Task to complete:
Output only the lines of the entries that follow, starting at the one with "Walnut ceiling lamp" and running down to the one with "Natale in montagna", both included and unchanged.

---------- Exercise materials ----------

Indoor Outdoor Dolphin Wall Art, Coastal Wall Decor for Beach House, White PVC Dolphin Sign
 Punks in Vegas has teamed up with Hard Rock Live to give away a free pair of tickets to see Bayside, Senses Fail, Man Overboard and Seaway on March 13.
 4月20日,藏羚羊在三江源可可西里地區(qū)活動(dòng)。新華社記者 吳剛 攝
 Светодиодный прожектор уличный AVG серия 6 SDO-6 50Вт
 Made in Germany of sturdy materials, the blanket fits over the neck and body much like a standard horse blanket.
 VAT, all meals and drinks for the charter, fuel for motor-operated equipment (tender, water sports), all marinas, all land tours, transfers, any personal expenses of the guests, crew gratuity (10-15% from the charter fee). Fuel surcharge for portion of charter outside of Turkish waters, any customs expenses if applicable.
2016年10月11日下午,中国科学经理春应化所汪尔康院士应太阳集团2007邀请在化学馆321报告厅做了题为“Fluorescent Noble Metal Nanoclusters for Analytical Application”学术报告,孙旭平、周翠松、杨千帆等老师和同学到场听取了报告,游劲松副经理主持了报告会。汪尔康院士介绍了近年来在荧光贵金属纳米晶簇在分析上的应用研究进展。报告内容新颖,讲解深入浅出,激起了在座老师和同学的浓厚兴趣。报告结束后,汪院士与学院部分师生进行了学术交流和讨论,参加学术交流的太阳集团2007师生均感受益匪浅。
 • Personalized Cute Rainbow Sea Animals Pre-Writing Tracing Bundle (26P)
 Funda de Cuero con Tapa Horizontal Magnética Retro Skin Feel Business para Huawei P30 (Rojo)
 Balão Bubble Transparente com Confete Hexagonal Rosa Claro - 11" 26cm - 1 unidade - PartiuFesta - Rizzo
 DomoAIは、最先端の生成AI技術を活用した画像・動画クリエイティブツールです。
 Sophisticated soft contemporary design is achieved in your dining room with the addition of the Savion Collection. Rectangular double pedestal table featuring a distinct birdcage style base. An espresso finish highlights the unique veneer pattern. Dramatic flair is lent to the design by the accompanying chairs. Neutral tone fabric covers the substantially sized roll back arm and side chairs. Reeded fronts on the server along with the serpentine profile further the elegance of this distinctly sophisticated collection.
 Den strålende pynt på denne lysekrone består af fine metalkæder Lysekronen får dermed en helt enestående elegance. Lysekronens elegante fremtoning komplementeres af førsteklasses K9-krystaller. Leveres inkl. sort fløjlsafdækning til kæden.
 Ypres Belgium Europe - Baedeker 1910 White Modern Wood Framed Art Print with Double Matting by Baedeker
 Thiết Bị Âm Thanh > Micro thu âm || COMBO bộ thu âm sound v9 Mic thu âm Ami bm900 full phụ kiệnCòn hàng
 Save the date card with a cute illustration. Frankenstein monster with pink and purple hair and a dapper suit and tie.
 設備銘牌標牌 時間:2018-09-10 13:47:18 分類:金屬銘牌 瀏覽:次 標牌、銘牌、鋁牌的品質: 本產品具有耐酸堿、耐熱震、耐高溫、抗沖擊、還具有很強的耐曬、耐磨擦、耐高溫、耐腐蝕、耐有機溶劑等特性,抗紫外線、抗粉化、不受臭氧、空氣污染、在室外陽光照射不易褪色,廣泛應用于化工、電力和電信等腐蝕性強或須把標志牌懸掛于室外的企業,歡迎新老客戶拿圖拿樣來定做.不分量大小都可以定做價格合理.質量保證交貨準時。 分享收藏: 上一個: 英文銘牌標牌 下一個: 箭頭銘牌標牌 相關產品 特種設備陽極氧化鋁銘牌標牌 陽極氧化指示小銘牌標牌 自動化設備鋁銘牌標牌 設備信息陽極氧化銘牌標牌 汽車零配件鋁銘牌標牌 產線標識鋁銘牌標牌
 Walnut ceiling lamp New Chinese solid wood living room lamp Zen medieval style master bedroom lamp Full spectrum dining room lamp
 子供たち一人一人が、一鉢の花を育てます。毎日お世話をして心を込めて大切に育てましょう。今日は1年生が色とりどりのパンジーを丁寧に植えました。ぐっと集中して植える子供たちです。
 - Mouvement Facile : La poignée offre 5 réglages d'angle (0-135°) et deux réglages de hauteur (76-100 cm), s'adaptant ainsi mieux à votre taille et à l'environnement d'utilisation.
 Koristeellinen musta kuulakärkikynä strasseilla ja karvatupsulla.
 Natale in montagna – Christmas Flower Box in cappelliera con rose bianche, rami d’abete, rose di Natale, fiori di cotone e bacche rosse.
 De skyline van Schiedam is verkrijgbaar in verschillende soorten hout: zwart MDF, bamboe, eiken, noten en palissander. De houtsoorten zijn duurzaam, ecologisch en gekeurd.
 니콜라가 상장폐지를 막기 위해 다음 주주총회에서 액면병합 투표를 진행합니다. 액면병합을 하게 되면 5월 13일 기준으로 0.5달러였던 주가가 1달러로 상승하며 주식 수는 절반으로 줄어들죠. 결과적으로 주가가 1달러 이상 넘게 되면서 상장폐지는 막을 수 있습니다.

----------

The answer:
 Walnut ceiling lamp New Chinese solid wood living room lamp Zen medieval style master bedroom lamp Full spectrum dining room lamp
 子供たち一人一人が、一鉢の花を育てます。毎日お世話をして心を込めて大切に育てましょう。今日は1年生が色とりどりのパンジーを丁寧に植えました。ぐっと集中して植える子供たちです。
 - Mouvement Facile : La poignée offre 5 réglages d'angle (0-135°) et deux réglages de hauteur (76-100 cm), s'adaptant ainsi mieux à votre taille et à l'environnement d'utilisation.
 Koristeellinen musta kuulakärkikynä strasseilla ja karvatupsulla.
 Natale in montagna – Christmas Flower Box in cappelliera con rose bianche, rami d’abete, rose di Natale, fiori di cotone e bacche rosse.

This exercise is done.